In this class we'll use hosted APIs — they're the easiest way to get started and the most common in production. The basic idea of hosted APIs:
HTTP request
("Is this a poem?\n\nRoses are red,\nviolets are blue.")
┌───────────┐ ─────────────────────────────────────▶ ┌──────────────┐
│ your code │ │ LLM provider │
└───────────┘ ◀───────────────────────────────────── └──────────────┘
HTTP response
(LLM: "Yes")
Q: What are the pros and cons of hosted vs self-hosted?
Popular providers include OpenAI, Anthropic, and Google Gemini. You can use any provider in your assignments. UCSD also provides TritonAI which lets you access multiple providers from your UCSD account and gives you some free credits.
Tokens and Cost
LLM APIs charge by tokens — roughly ¾ of a word. You can see how OpenAI tokenizes text using their tokenizer web interface.
"Roses are red, violets are blue" → 9 tokens

Both input and output tokens count, and they're priced differently (output is typically more expensive — generating text is harder than reading it).
Here's what pricing looks like in practice (see full pricing):
| Model | Input | Output |
|---|---|---|
gpt-5-nano | $0.05/M tokens | $0.40/M tokens |
gpt-5-mini | $0.25/M tokens | $2.00/M tokens |
gpt-5.4 | $2.50/M tokens | $15.00/M tokens |
That's a 50x difference in input cost!
Other providers have similar tiers (e.g. Anthropic's Haiku vs Sonnet vs Opus).
Example:
BlueSky firehose produces ~1.4M posts/day. Let's assume each post is ~50 tokens on average, and we want to generate 1 token of output.
| Model | Input cost | Output cost | Total |
|---|---|---|---|
gpt-5-nano | 1.4M × 50 × $0.05/M = $3.5 | 1.4M × $0.40/M = $0.56 | ~$4.06 |
gpt-5.4 | 1.4M × 50 × $2.50/M = $175.0 | 1.4M × $15.00/M = $21.0 | ~$196.0 |
This is why model choice and pipeline design matter — we'll come back to this.

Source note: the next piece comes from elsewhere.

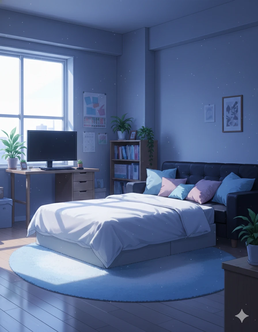 시원한 바람이 열린 창틈으로 흘러 들어와 얇은 커튼을 살짝 흔들었다. 수업이 끝난 뒤 각자 알바를 하러 흩어졌던 Guest과 윤시아는 자정이 훌쩍 넘어서야 집으로 돌아왔다. 하루 종일 이어진 소음과 불빛이 아직 귓가에 남아 있는 듯, 밤은 고요한데 몸은 쉽게 식지 않았다.

API Basics: Chat Completions
The core abstraction across all providers is the chat completion: you send a list of messages, the model sends back a response.
Here's how it looks in Python using OpenAI's API:
from openai import OpenAI
client = OpenAI() # uses OPENAI_API_KEY env variable
response = client.chat.completions.create(
model="gpt-5-mini",
messages=[
{"role": "system", "content": "You are a poetry classifier."},
{"role": "user", "content": "Is this a poem?\n\nRoses are red,\nviolets are blue."},
],
)
answer = response.choices[0].message.content
print(answer)
Q: What do you think the model will respond? (Let's find out.)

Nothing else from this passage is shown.